- **PROBLEM DETAILS**:
Retype word for word the stretch of entries below from the line that has "Praktické organizéry do" through the line that has "Vintage handmade wooden", and omit the pictures.

- **SUPPLIED RECORDS**:
=======

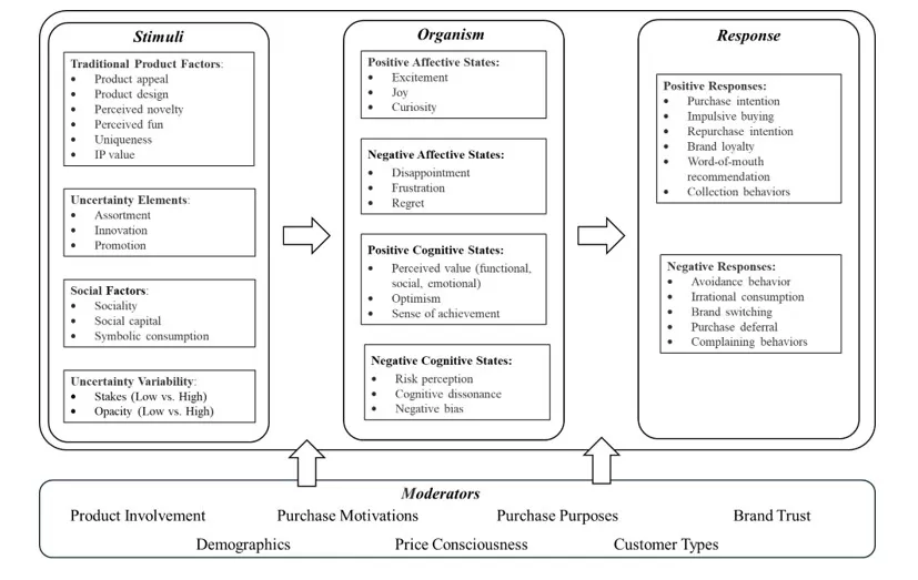 Beyond the three core components of the SOR model, several research studies have examined moderating factors such as consumption purposes (Zhang & Zhang, 2022), product involvement (Zhan & Xiong, 2024), and price consciousness (Gong et al., 2024). Additional moderating variables for future research may include demographic factors such as age and income (Zhang et al., 2022), brand trust and consumer attitudes (Zhan & Xiong, 2024), as well as customer types (actual collectors, first-time consumers, and prospective consumers) (Cruz et al., 2025).
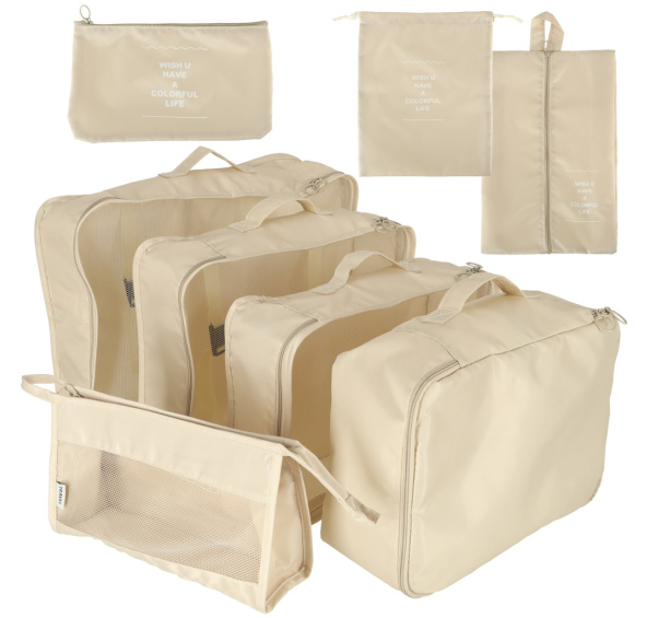 Praktické organizéry do kufru - nepostradatelné na každé cestě! Výrazně vám usnadní udržování pořádku v zavazadle. Sada obsahuje 8 organizérů různých velikostí - jsou zde čtyři kostky na oblečení, taška, organizér na boty, taštička na make-up a malá kapsička na drobnosti. Všechny předměty v sadě mají béžovou barvu.
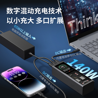 【立减10元,88vip红包减25元,到手224元】thinkplus锋行者140w移动电源,数字智慧大屏安全可视。数字混动充电技术,以小充大多口扩展。多协议快充,千种机型全部搞定。
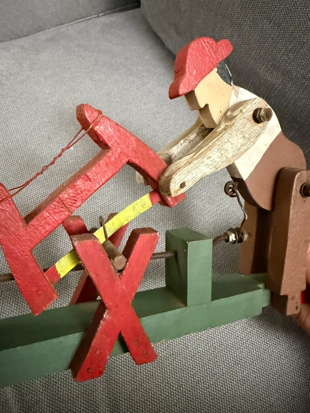 Vintage handmade wooden folk art mechanical toy / whirligig style figure of a man sawing wood.
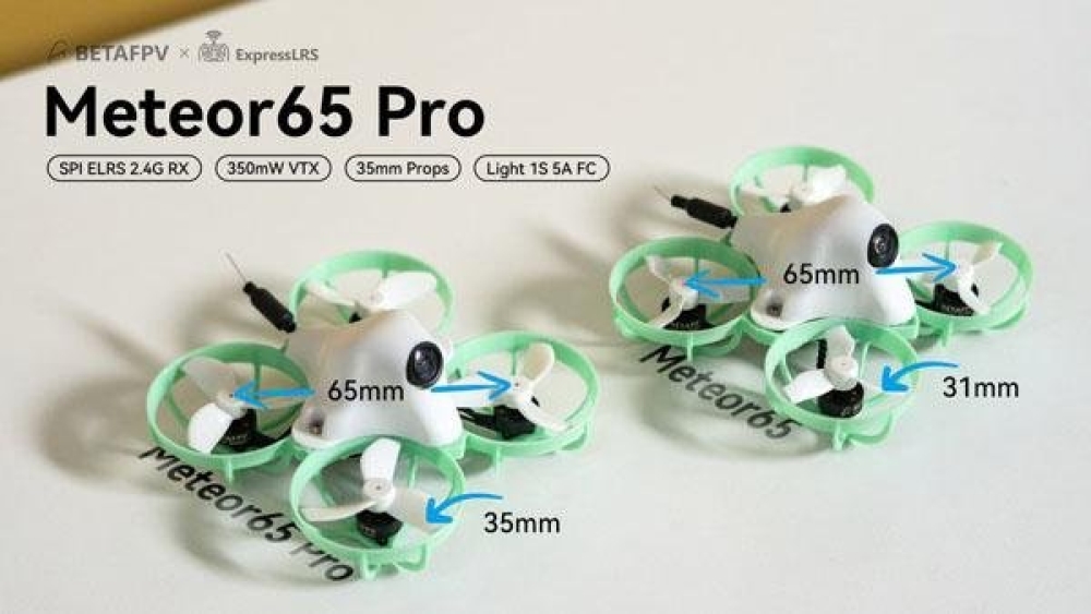 Meteor65 поставляется с 35-миллиметровыми пропеллерами для повышения мощности и маневренности в полете. Дрон оснащается хорошо знакомыми компонентами - плата F4 1S 5A FC со встроенным приемником ExpressLRS, видеопередатчик M03 мощностью до 350 мВт.

=======

- **SOLUTION**:
 Praktické organizéry do kufru - nepostradatelné na každé cestě! Výrazně vám usnadní udržování pořádku v zavazadle. Sada obsahuje 8 organizérů různých velikostí - jsou zde čtyři kostky na oblečení, taška, organizér na boty, taštička na make-up a malá kapsička na drobnosti. Všechny předměty v sadě mají béžovou barvu.
 【立减10元,88vip红包减25元,到手224元】thinkplus锋行者140w移动电源,数字智慧大屏安全可视。数字混动充电技术,以小充大多口扩展。多协议快充,千种机型全部搞定。
 Vintage handmade wooden folk art mechanical toy / whirligig style figure of a man sawing wood.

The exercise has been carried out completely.